Essa União transformante (Cf.
Cântico Espiritual 22,3) acontece pelo amor e no amor, como explica o próprio
São João da Cruz. “É o próprio Deus quem se comunica à alma, com admirável
glória, transformando-a nele; ambos não fazem mais que um, por assim dizer como
a vidraça com o raio de sol que ilumina, ou como o carvão inflamado e o fogo,
ou ainda como a luz das estrelas com a do sol” (Cântico Espiritual 26, 4).
Na medida que esse intercâmbio entre Deus
e a alma acontece, há uma transformação profunda da alma através e no amor de
Deus. Pois a medida em que Deus se dá à alma, com livre e graciosa vontade, a
alma também une sua vontade à vontade de Deus de forma mais livre e generosa.
Entrega-se como dom ao mesmo Deus e em Deus. Essa entrega, essa dádiva da alma,
é total e verdadeira. A alma começa a experimentar que Deus é verdadeiramente
todo seu, e que ela possui esse mesmo Deus como sua única e verdadeira herança,
e sente-se como filha adotiva de Deus, não por mérito seu, mas por graça
concedida por esse mesmo Deus, que se dá à alma (Chama Viva 3,78).
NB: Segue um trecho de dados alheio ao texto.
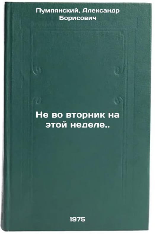 In Russian. Pumpyansky, Alexander Borisovich. Not on Tuesday of this week. Moscow: The Power Guard, 1975. All images are for identification of editions only. Several books of the same edition may be available. Please feel free to request photos of available books. SKU7015814
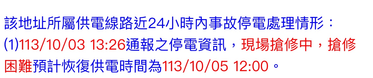 → fs1118 : 希望台電加油,林園目前還一大堆停電10/04 21:46
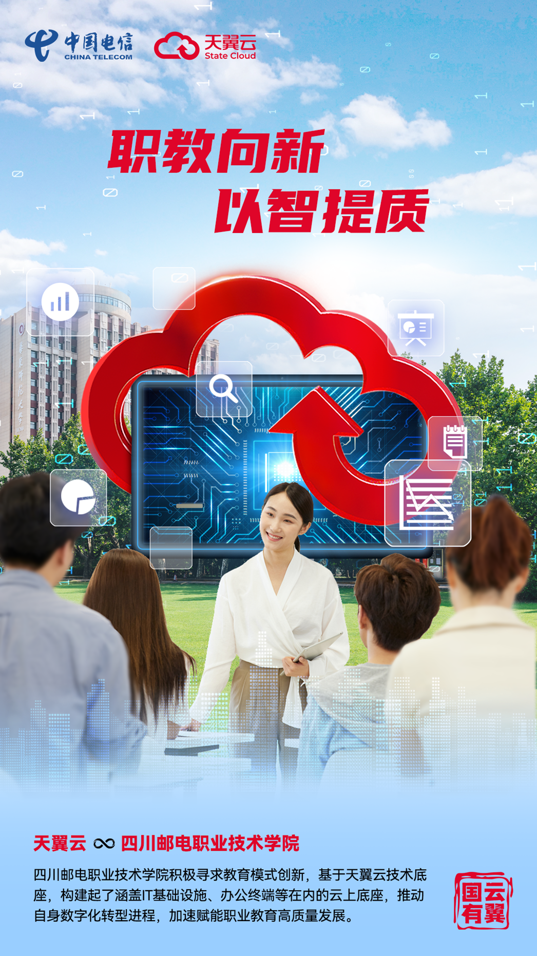 在此背景下,四川邮电职业技术学院(以下简称:四川邮电职院)积极寻求教育模式创新,基于天翼云技术底座,构建起了涵盖 IT 基础设施、办公终端等在内的云上底座,推动自身数字化转型进程,加速赋能职业教育高质量发展。
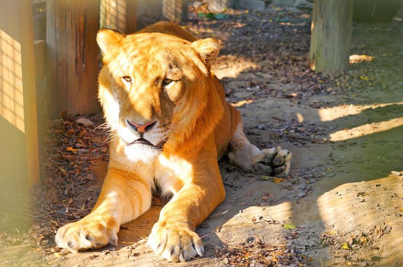 His spine is bent, rendering his left hind leg immobile. Given that the gene regulating body size cannot be passed on by a male lion or a female tiger, his keepers must carefully control his diet to prevent unchecked weight gain.

Sem entrar nas dimensões cristológica e trinitária desse processo de União, mas
queremos mencionar que o Espírito Santo é esta chama que vai queimando no amor
as almas (Cf. Chama Viva 1,19) e nessa transformação “é a caridade causa e meio
para comunicação dos dons divinos” (2 Subida do Monte Carmelo 29, 6). E assim “A
transformação da alma em Deus por amor logo se opera” (1 Subida do Monte
Carmelo 2,4). Uma vez transformada essa alma se torna verdadeiramente “sal da
terra e luz do mundo” (Cf. Mt 5,13-14).
Peçamos ao Senhor, pela intercessão de São
João da Cruz, que façamos essa experiência do Amor de Deus, que seja uma
experiência de União e ao nos unirmos ao Senhor, sejamos transformados por seu
amor, e nos tornemos transformantes da humanidade, hoje, tão distante de Deus.